The problem: Only the lines below from the one containing "馬英九說：「『九二共識』的出" through the one containing "Встреча участников агитмотопробега" belong in the answer, repeated exactly and without pictures.
[Opening Material provided section]
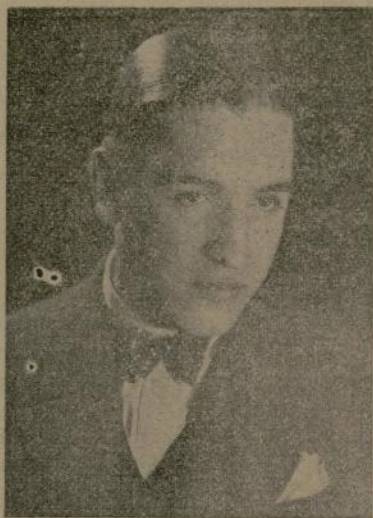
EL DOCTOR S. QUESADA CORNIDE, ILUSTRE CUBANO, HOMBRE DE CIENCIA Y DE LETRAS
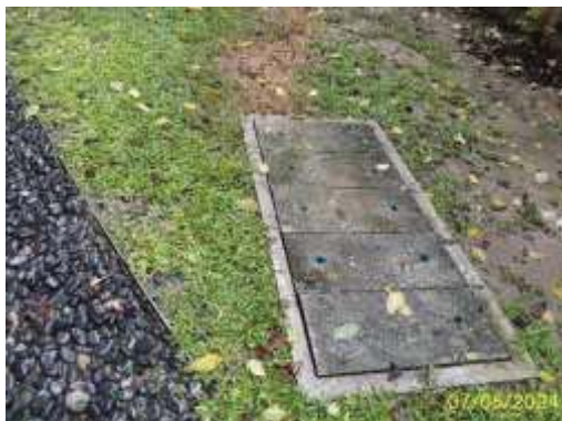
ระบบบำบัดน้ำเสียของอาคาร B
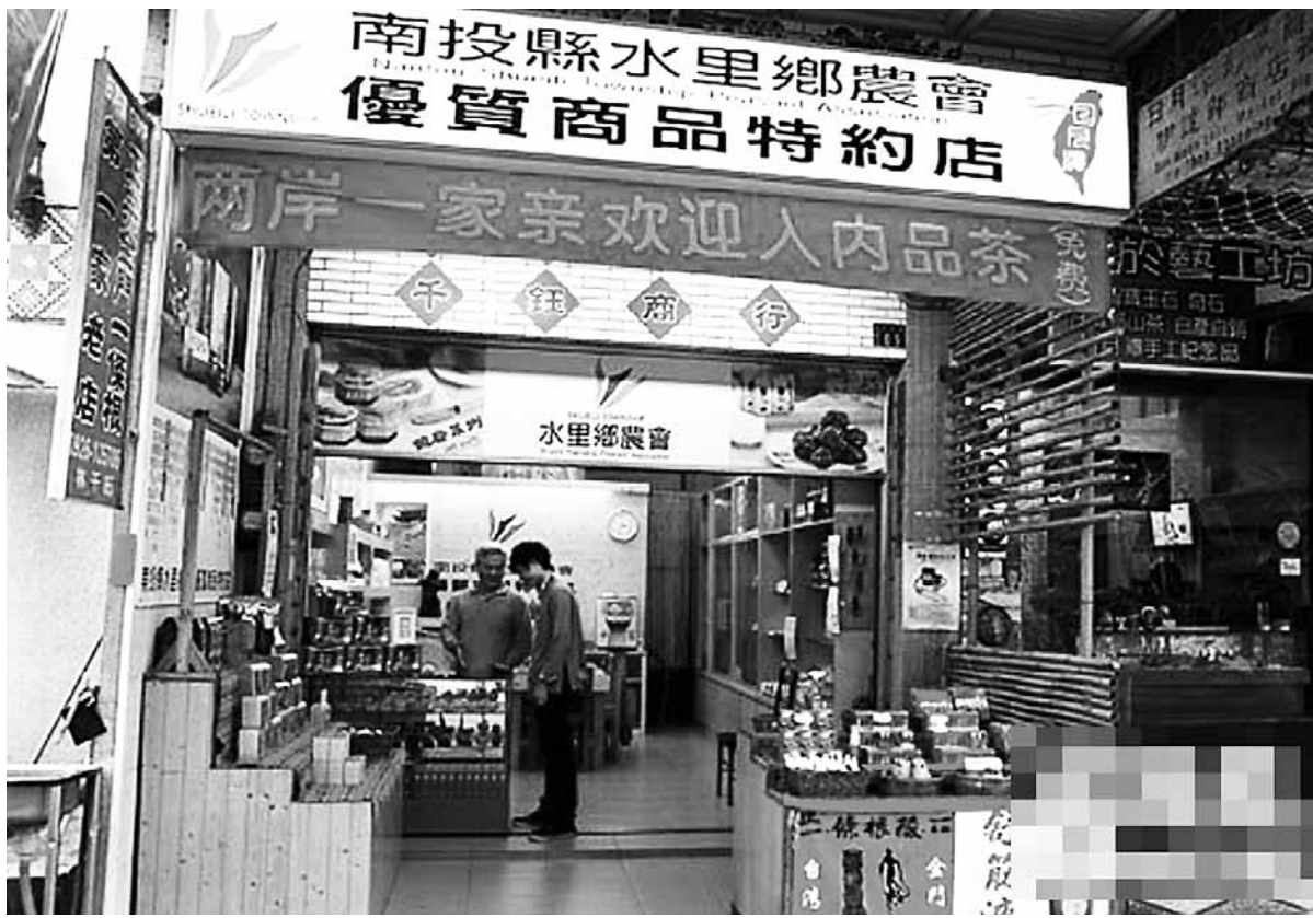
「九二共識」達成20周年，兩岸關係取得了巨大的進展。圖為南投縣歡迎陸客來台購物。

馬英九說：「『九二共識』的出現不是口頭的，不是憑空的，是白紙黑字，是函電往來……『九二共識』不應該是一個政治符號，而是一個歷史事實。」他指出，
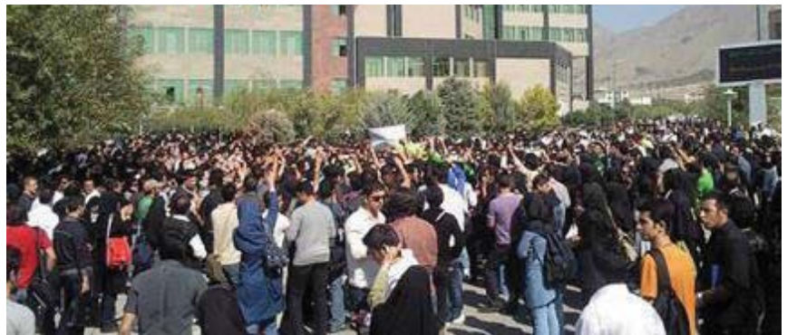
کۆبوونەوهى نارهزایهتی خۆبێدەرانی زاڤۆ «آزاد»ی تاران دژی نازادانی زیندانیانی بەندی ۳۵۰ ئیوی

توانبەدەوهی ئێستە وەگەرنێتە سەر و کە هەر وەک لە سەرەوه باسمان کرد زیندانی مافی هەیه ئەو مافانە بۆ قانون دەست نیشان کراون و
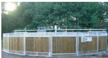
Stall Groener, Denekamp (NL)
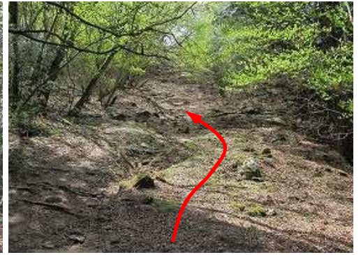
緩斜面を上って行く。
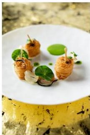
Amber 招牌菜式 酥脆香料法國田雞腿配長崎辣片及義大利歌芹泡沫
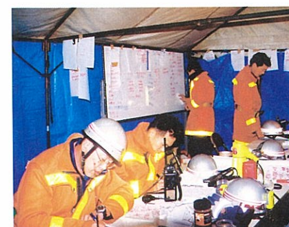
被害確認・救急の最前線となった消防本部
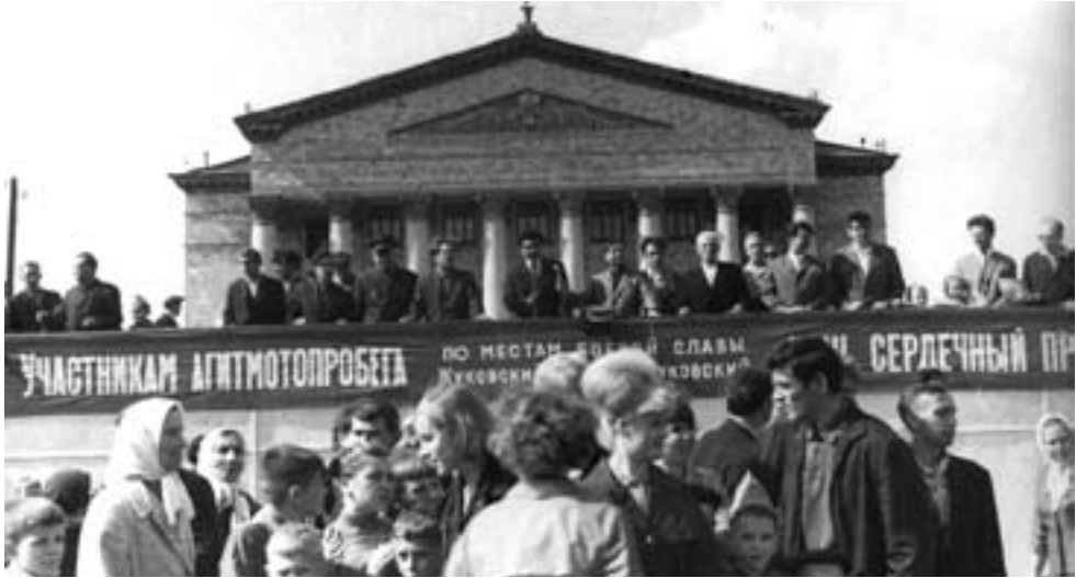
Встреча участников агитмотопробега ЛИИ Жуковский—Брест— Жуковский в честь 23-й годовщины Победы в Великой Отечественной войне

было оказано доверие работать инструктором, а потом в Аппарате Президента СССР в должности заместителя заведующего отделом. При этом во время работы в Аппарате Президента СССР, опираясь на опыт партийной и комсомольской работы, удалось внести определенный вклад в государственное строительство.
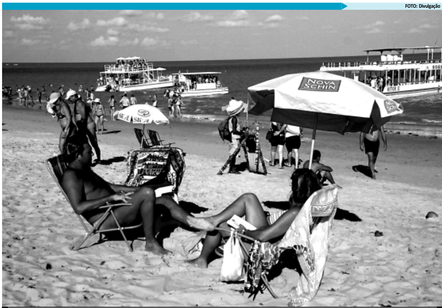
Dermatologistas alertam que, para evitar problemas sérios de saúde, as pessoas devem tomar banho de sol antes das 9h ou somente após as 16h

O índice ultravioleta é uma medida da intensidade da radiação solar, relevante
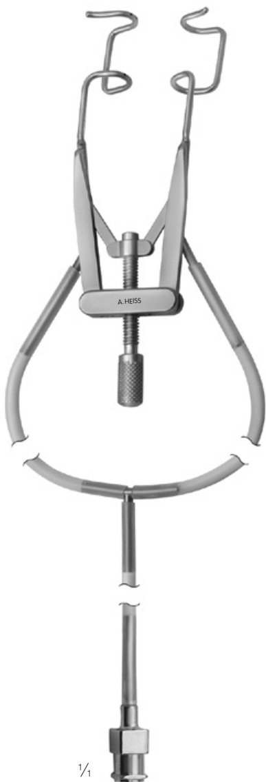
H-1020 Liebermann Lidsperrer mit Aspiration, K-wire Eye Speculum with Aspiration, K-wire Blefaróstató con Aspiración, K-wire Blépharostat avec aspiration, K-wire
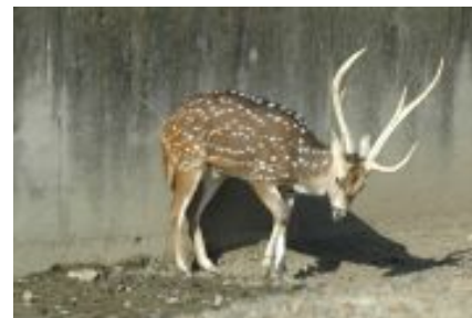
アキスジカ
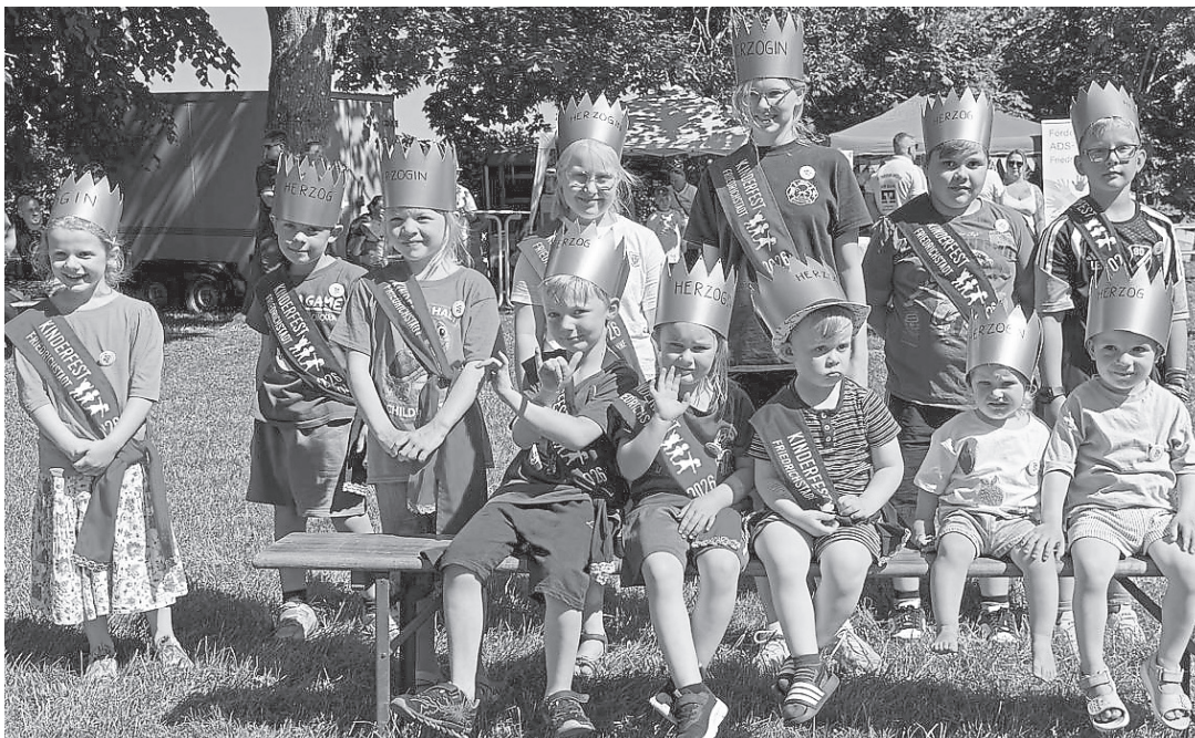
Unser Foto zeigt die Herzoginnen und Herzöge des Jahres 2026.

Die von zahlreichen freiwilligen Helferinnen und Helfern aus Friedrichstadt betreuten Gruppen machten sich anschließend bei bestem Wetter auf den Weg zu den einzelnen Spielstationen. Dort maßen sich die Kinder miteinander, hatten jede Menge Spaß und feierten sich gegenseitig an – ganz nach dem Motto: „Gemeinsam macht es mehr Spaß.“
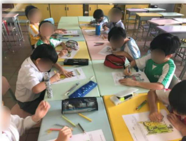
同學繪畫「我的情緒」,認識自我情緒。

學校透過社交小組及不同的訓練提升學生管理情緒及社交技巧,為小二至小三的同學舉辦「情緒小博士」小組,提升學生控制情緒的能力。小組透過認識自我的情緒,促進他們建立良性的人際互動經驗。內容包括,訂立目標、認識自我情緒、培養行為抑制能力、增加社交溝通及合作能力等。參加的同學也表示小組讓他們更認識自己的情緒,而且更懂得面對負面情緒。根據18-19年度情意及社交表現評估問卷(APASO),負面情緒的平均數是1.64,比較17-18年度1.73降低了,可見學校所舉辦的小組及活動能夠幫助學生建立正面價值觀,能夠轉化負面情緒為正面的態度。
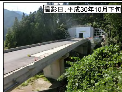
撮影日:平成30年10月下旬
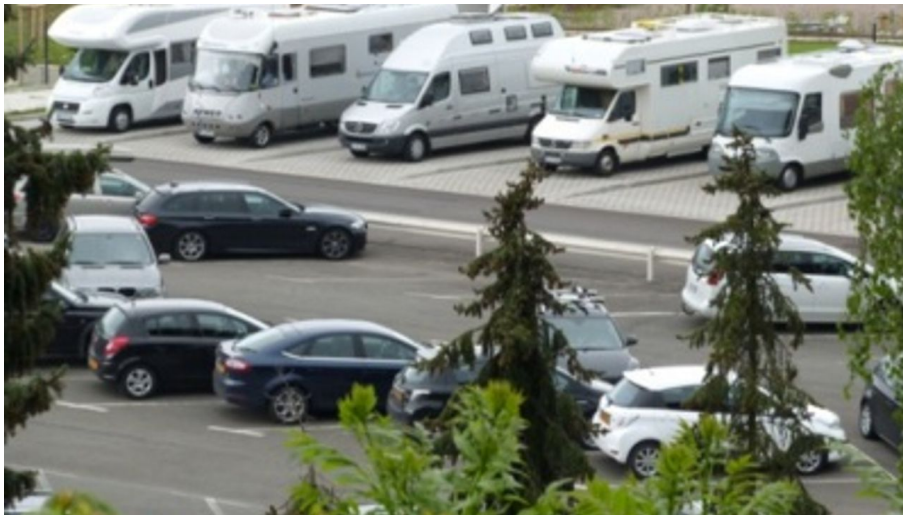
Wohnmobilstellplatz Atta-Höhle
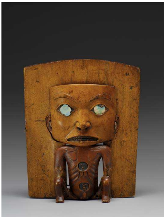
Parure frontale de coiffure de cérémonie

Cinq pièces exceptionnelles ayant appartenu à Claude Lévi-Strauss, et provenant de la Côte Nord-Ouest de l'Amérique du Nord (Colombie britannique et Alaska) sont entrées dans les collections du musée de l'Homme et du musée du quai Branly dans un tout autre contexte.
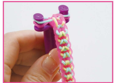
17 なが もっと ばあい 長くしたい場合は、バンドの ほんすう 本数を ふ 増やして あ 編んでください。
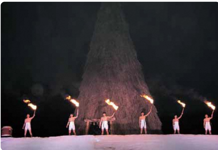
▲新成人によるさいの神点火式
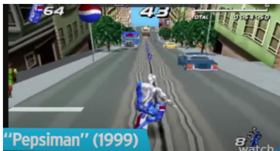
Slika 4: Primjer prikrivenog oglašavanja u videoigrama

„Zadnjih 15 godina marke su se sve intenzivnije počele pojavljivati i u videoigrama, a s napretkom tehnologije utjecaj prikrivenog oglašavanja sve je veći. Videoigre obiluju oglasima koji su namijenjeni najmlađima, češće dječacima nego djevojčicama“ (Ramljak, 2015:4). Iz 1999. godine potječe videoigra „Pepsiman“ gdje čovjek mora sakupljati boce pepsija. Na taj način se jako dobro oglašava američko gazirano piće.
[Closing Material provided section]
Solved problem:
馬英九說：「『九二共識』的出現不是口頭的，不是憑空的，是白紙黑字，是函電往來……『九二共識』不應該是一個政治符號，而是一個歷史事實。」他指出，
کۆبوونەوهى نارهزایهتی خۆبێدەرانی زاڤۆ «آزاد»ی تاران دژی نازادانی زیندانیانی بەندی ۳۵۰ ئیوی

توانبەدەوهی ئێستە وەگەرنێتە سەر و کە هەر وەک لە سەرەوه باسمان کرد زیندانی مافی هەیه ئەو مافانە بۆ قانون دەست نیشان کراون و
Stall Groener, Denekamp (NL)
緩斜面を上って行く。
Amber 招牌菜式 酥脆香料法國田雞腿配長崎辣片及義大利歌芹泡沫
被害確認・救急の最前線となった消防本部
Встреча участников агитмотопробега ЛИИ Жуковский—Брест— Жуковский в честь 23-й годовщины Победы в Великой Отечественной войне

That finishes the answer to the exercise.